Directions
Once "野溪上游端，有一河道斷面東縮處，兩側岩盤出露" turns up in a line below, reproduce that line and those after it exactly, stopping after the line with "INTERIOR DEL BARRACÓN 25"; leave pictures out.
::: Listed records :::
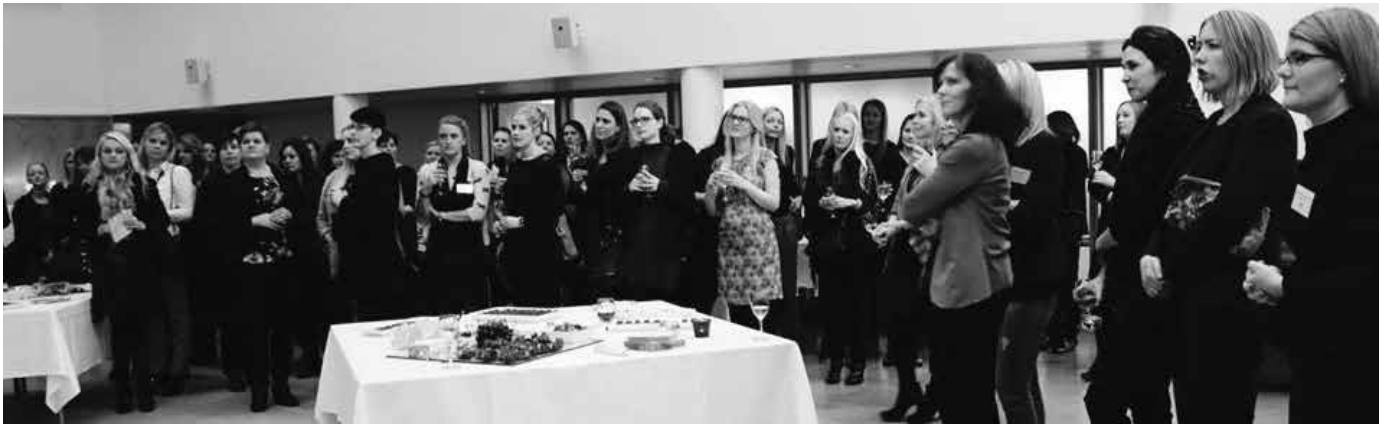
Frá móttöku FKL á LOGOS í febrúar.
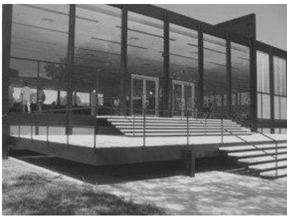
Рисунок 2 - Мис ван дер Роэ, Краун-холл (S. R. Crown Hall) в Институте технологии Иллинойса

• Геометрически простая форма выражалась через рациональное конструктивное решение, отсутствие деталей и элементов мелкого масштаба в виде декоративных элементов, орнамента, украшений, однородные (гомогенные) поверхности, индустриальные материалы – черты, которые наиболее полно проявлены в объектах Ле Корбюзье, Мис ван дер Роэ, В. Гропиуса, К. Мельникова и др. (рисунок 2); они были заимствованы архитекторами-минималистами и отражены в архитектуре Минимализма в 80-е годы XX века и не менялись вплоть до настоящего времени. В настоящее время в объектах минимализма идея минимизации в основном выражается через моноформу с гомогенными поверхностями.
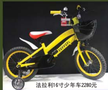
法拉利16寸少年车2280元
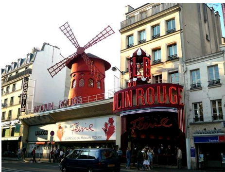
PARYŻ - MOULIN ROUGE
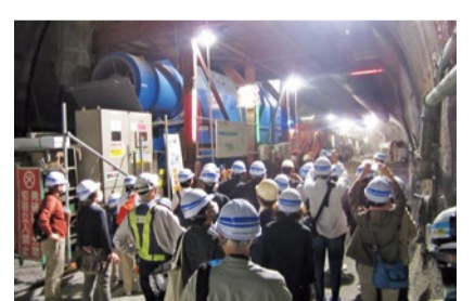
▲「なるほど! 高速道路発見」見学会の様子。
:::
::: Listed records :::
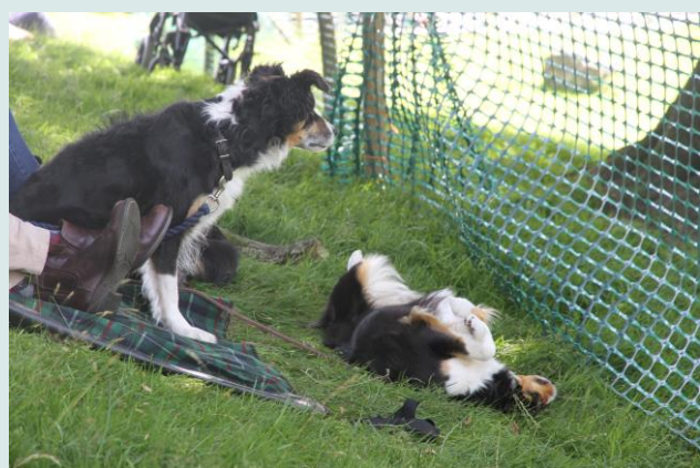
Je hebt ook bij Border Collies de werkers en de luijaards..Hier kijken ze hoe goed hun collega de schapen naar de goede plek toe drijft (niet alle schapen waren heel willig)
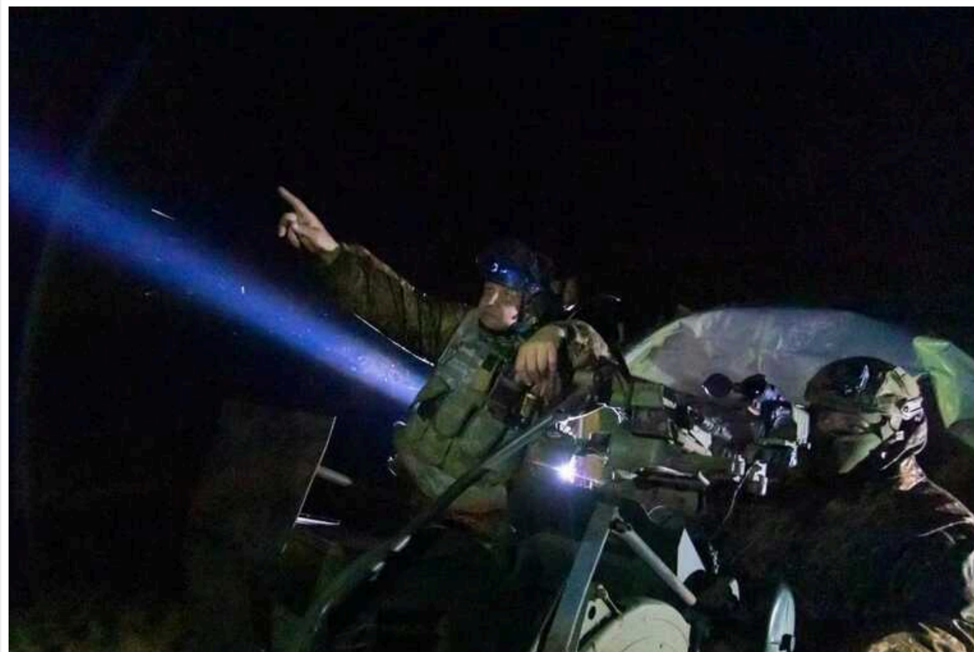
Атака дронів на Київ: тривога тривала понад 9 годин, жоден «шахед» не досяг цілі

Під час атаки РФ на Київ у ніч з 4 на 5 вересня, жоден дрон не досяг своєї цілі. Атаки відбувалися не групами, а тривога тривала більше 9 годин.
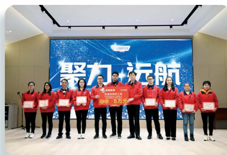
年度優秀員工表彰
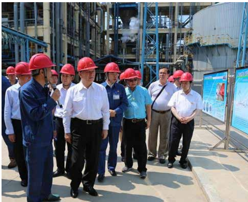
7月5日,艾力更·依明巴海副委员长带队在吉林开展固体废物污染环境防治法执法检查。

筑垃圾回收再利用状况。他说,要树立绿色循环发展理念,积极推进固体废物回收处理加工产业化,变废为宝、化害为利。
:::
::: Listed records :::
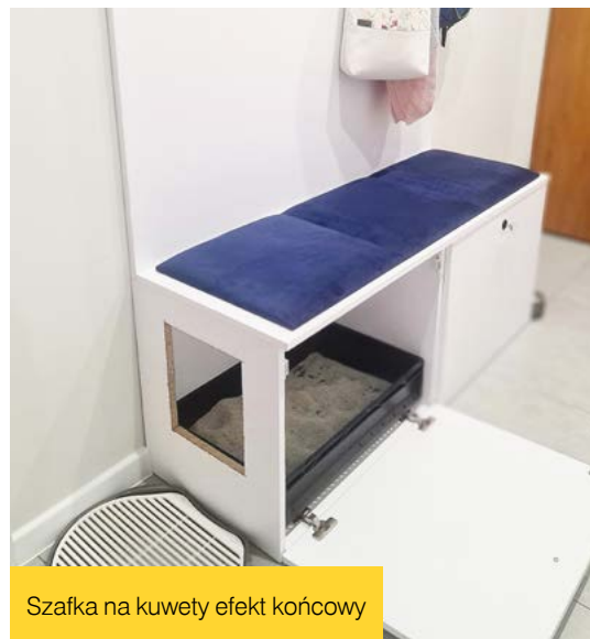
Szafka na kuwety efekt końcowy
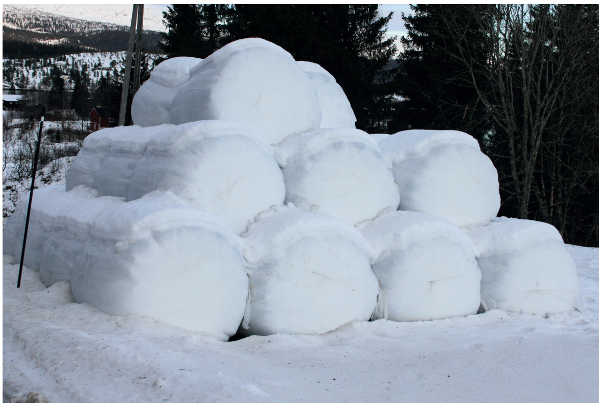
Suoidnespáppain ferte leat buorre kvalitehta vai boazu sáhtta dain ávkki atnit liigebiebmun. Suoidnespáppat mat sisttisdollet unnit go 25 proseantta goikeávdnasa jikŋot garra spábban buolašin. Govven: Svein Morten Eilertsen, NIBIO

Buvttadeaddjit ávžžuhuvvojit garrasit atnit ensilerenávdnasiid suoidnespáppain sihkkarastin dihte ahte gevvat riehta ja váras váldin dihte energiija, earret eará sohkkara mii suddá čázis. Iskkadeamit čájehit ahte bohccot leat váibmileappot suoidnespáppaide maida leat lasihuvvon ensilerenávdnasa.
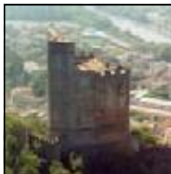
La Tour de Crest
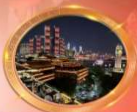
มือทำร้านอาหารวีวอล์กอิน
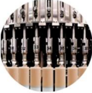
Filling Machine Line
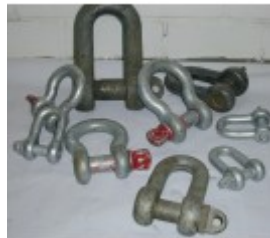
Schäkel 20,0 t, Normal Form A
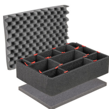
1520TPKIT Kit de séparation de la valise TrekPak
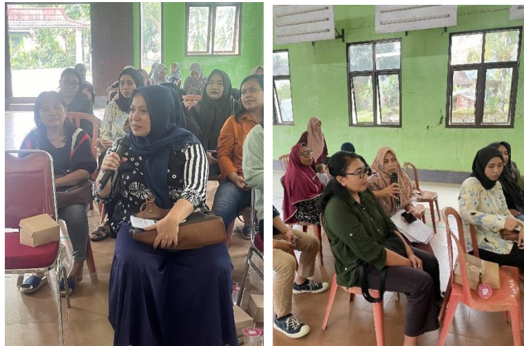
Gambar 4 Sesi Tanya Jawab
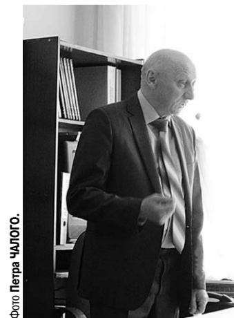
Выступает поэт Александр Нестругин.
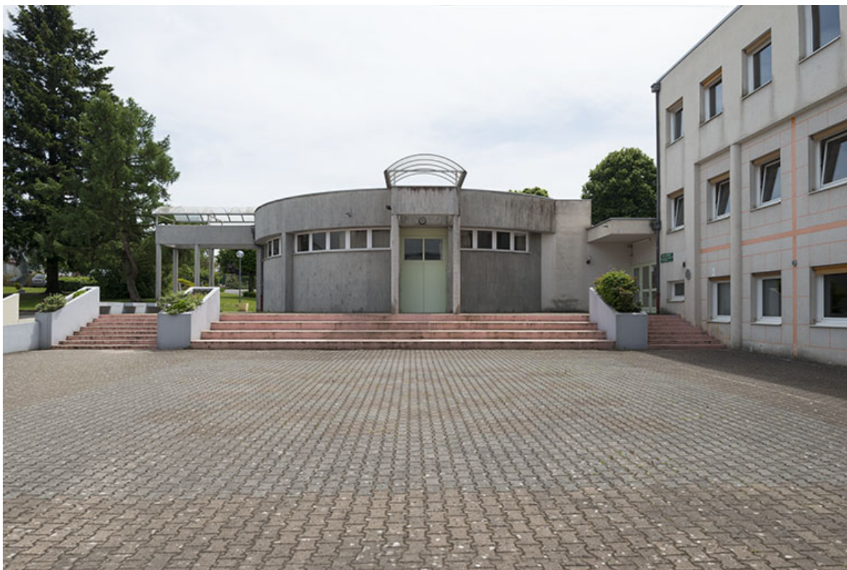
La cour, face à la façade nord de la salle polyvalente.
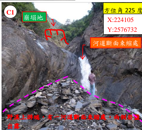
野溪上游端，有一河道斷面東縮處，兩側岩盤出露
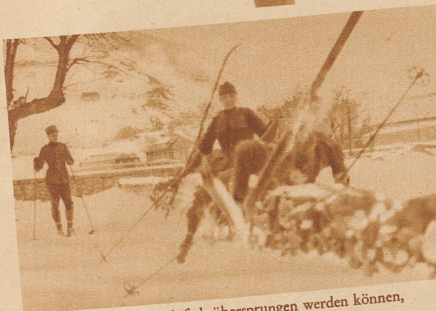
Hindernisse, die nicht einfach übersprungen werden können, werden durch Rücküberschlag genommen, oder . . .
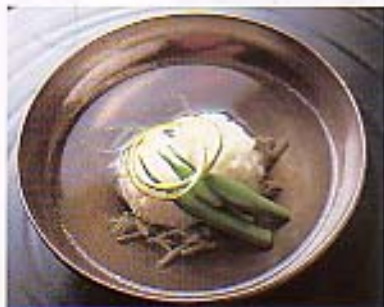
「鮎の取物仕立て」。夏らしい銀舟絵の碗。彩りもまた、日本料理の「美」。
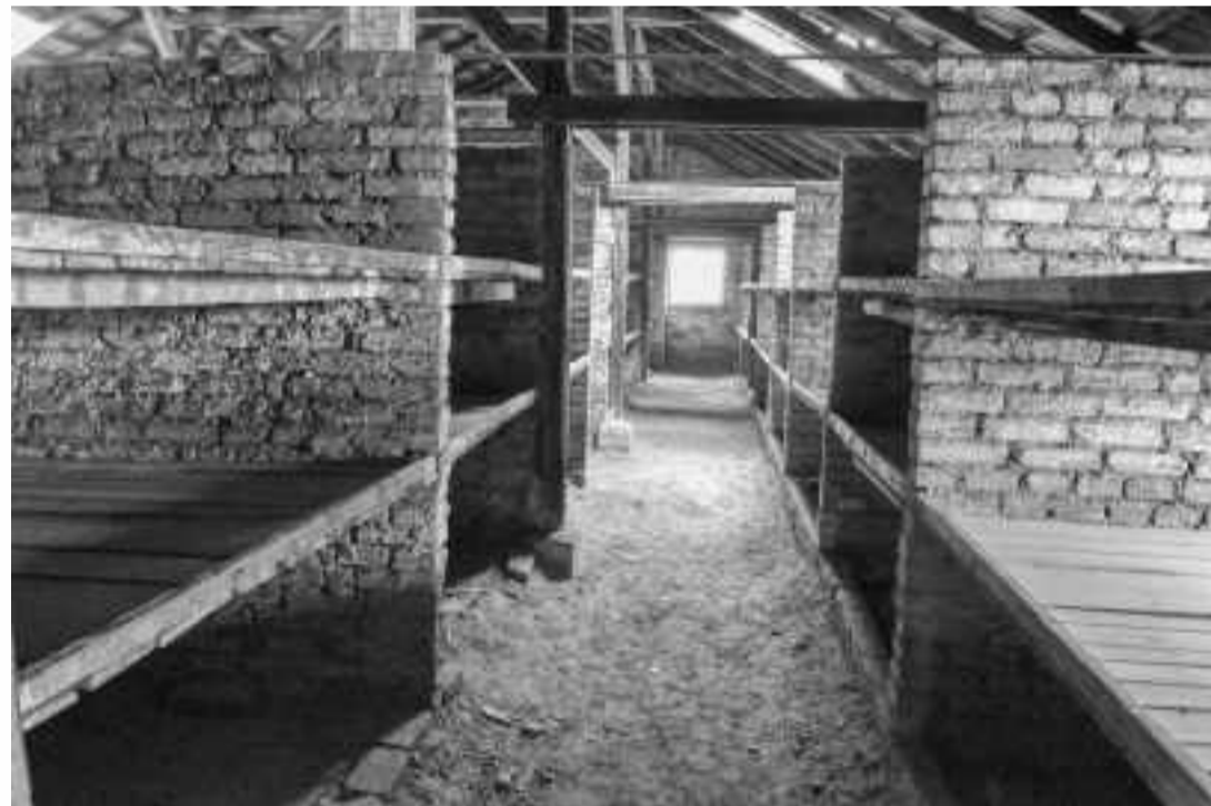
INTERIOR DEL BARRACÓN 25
:::
Result
野溪上游端，有一河道斷面東縮處，兩側岩盤出露
Hindernisse, die nicht einfach übersprungen werden können, werden durch Rücküberschlag genommen, oder . . .
「鮎の取物仕立て」。夏らしい銀舟絵の碗。彩りもまた、日本料理の「美」。
INTERIOR DEL BARRACÓN 25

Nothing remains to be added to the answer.